Collected data entries –
● ● ● ● ●
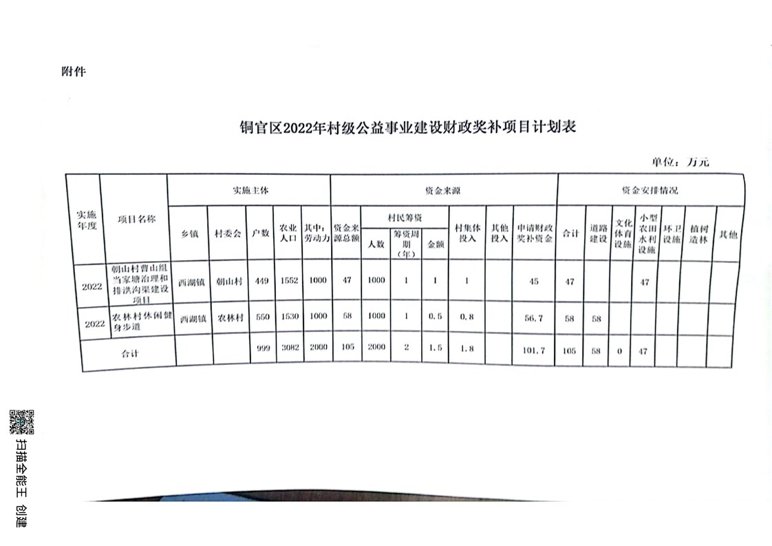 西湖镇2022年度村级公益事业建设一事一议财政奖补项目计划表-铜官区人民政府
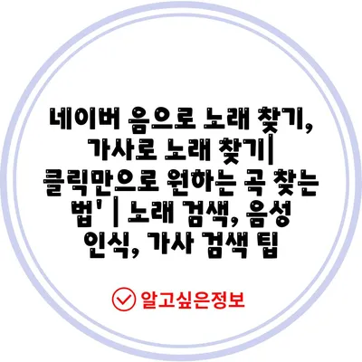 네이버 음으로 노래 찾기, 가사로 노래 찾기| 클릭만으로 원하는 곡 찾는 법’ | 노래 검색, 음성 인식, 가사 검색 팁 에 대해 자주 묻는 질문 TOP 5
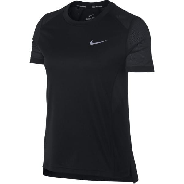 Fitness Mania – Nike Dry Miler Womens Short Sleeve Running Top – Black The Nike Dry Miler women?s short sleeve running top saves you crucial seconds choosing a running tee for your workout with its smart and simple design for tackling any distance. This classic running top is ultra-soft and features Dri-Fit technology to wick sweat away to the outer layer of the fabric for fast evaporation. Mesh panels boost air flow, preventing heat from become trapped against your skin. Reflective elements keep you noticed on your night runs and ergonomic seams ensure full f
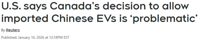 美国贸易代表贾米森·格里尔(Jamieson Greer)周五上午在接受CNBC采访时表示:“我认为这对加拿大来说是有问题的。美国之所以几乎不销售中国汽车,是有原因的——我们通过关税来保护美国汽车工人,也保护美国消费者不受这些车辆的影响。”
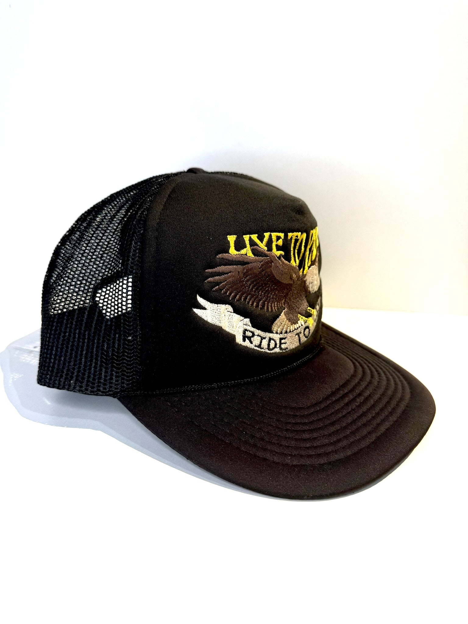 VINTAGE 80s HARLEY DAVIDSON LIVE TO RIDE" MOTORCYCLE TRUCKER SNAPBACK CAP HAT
● ● ● ● ●
DESCRIPTION OF THE TASK –
Starting at the line that contains "네이버 음으로 노래 찾기, 가사로", write out every line through the end of the entries above exactly, and omit the pictures.

TASK SOLUTION –
 네이버 음으로 노래 찾기, 가사로 노래 찾기| 클릭만으로 원하는 곡 찾는 법’ | 노래 검색, 음성 인식, 가사 검색 팁 에 대해 자주 묻는 질문 TOP 5
 Fitness Mania – Nike Dry Miler Womens Short Sleeve Running Top – Black The Nike Dry Miler women?s short sleeve running top saves you crucial seconds choosing a running tee for your workout with its smart and simple design for tackling any distance. This classic running top is ultra-soft and features Dri-Fit technology to wick sweat away to the outer layer of the fabric for fast evaporation. Mesh panels boost air flow, preventing heat from become trapped against your skin. Reflective elements keep you noticed on your night runs and ergonomic seams ensure full f
 美国贸易代表贾米森·格里尔(Jamieson Greer)周五上午在接受CNBC采访时表示:“我认为这对加拿大来说是有问题的。美国之所以几乎不销售中国汽车,是有原因的——我们通过关税来保护美国汽车工人,也保护美国消费者不受这些车辆的影响。”
 VINTAGE 80s HARLEY DAVIDSON LIVE TO RIDE" MOTORCYCLE TRUCKER SNAPBACK CAP HAT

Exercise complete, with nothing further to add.